The Unrhymed Couplets of the Universe
by Sharon Shinn
Henry sipped from his morning coffee, gazing over the rim of the cup at the green
plastic ball in the middle of the kitchen table. It had not been there twenty seconds
previously. He had looked up from buttering his second piece of toast to find it
sitting jauntily on top of the real estate section of the newspaper.
Henry was eighty-two years old, retired since he was seventy, a widower since he
was seventy-six, and nothing much alarmed him or terrified him any more.
Certainly not a child's scuffed green ball, no matter how sudden its appearance. It
didn't do anything interesting for the five minutes he watched it, so he eventually
shrugged, stood up, and cleared the table.
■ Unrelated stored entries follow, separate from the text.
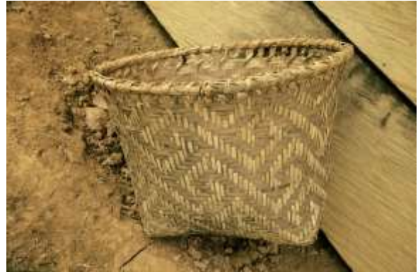
Lugar: Caimán Alto Fecha : 15/05/2012 Descripción: Canasto en iraca con diseño geométrico .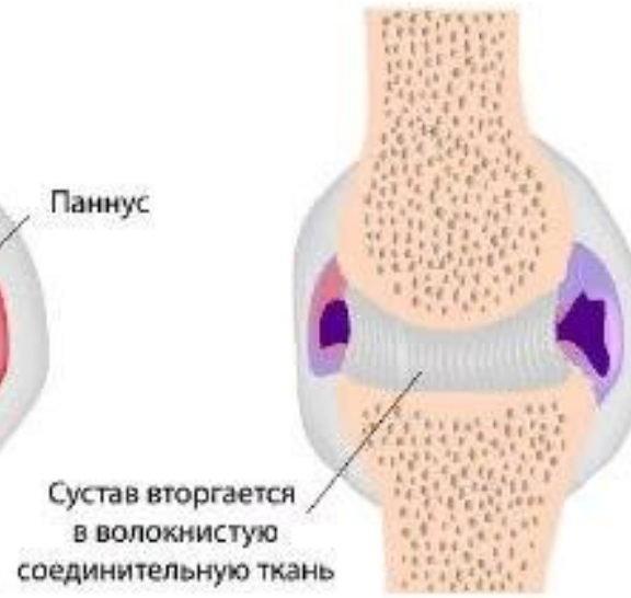
3. Волокнистый анкилоз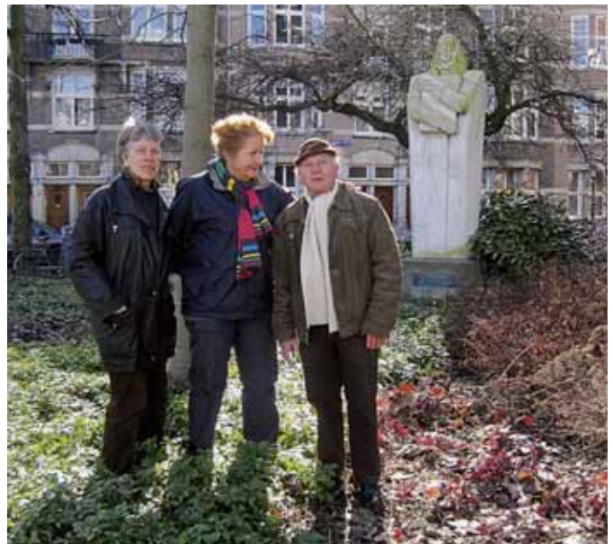
"Met drie burens onderhoud ik nu het plantsoentje rondom Descartes."

verwaarloosd uit. Ik heb toen handtekeningen verzameld voor een voorstel om het plein een beetje op te fleuren. Met als resultaat dat vorig jaar het gras rondom de speeltoestellen, dat toch niet groeide door de schaduw en vele kindervoetstappen, is vervangen door leem en er een paar plantenbakken zijn geplaatst met bloeiende planten. Die plantenbakken gaan wij met een groepje bewoners onderhouden.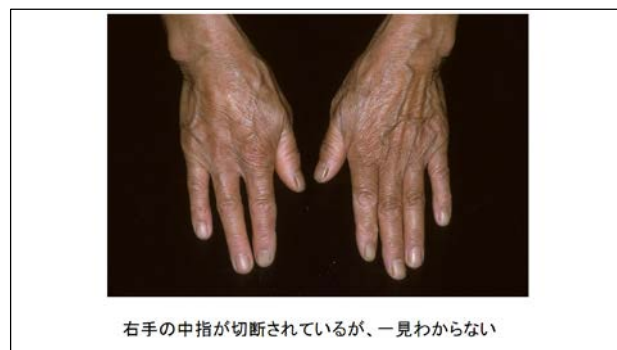
右手の中指が切断されているが、一見わからない

そこで、爪の周りの皮膚と皮下組織をそっくり切除するだけでよいのではないかと考えるようになりました。癌の手術では、癌組織の下層の組織を、十分な深さまで切り取るのが原則です。爪と指の骨との隙間はとても狭いので、十分な深さまで切除するには骨を包む膜組織・骨膜も含めて切除する必要があります。従来の外科手術の常識では、骨膜が剥がされた、むき出しの骨には遊離植皮は生着しないことになっていますが、私の過去の経験では指に関しては遊離植皮が生着することが分かっていました。そこで、爪とその周りの組織を骨膜とともに切除して、遊離植皮で修復する手術の方式を定型化することができました。これにより、指の温存が可能となり、患者さんたちは切断をまぬがれるようになりました。この術式については折に触れて学会で講演し、今でも国内だけでなく海外でも普及に努めているところです。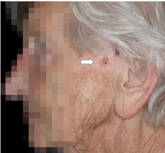
Abb. 1 ◀ Hautveränderung präaurikulär, 85-jährige Patientin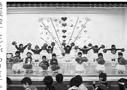
▲昨年度に行われた「保育発表会」の様子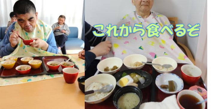
これから食べるぞ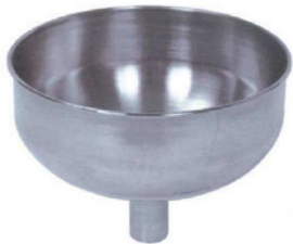
깔대기 FUNNEL IC-220

By the time he had finished rinsing out
the coffee pot and loading the dishwasher, the ball was gone.
That evening while he watched television, a fat red pillow manifested itself beside
him on the couch. It was edged with gold braid and looked like it belonged in a
living room that was much fancier than anything Henry would find comfortable.
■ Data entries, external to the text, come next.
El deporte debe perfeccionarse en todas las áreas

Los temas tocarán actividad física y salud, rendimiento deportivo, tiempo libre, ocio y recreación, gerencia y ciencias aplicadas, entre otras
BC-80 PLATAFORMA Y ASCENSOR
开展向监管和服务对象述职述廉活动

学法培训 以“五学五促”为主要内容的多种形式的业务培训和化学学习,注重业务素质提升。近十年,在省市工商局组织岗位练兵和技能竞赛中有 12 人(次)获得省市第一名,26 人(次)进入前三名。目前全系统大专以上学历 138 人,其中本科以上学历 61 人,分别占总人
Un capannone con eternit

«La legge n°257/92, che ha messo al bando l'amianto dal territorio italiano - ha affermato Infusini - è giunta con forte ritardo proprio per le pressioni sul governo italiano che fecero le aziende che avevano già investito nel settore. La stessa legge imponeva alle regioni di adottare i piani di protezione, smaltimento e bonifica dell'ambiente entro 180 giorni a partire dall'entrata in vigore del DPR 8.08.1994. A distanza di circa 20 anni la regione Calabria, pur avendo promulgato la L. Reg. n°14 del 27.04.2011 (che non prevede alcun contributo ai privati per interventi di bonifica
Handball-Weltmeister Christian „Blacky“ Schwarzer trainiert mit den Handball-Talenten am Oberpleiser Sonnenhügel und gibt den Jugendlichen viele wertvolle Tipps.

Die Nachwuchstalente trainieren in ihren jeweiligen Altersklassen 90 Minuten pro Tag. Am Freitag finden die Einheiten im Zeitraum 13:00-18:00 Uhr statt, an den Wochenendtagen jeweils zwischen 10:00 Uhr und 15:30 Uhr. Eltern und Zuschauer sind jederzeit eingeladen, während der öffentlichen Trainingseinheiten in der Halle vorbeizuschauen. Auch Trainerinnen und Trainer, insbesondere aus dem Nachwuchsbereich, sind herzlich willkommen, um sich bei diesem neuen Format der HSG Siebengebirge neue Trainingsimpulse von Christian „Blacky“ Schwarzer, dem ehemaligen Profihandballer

Like the ball, it didn't stick around long. Before the next commercial break, it had
vanished.
More random objects appeared at a somewhat faster rate the following day. The
first one showed up while Henry was sitting at his desk, checking emails. He
loved email. Never had to speak to a soul if you didn't feel like it, but you still
had the sense of being connected to every person you'd ever met in your entire
life, even the ones you didn't like so much. He was just typing a reply to his sister
in Florida when he glanced over to find a small glass of water sitting at his right
elbow. In the water was a thin paintbrush, and the residue of black paint had
oozed from the bristles into the liquid, turning it a foggy gray. Henry couldn't
think that these were the tools of a true artist; more likely they belonged to an old
woman daubing at a heavy piece of pressed paper or a child experimenting with
color.
They were gone before he'd thought about it too much, but he hadn't even stood
up from the desk before the next apparition of the day arrived. It was a photo
frame, holding a picture of a laughing family of five as they posed before a
waterfall in what looked like a national park. Henry might not even have noticed
it except that it blocked the photo of Ellen that he glanced at on a fairly regular
basis. He pushed it aside carefully, in case his touch might contaminate it in some
way and make it impossible for the frame to return to its rightful place -- the way
he'd always been taught the scent of a human would contaminate a baby bird or a
wild rabbit and make its natural parents shun it forever. But he wanted to gaze at
Ellen a moment before he quit the room for the day.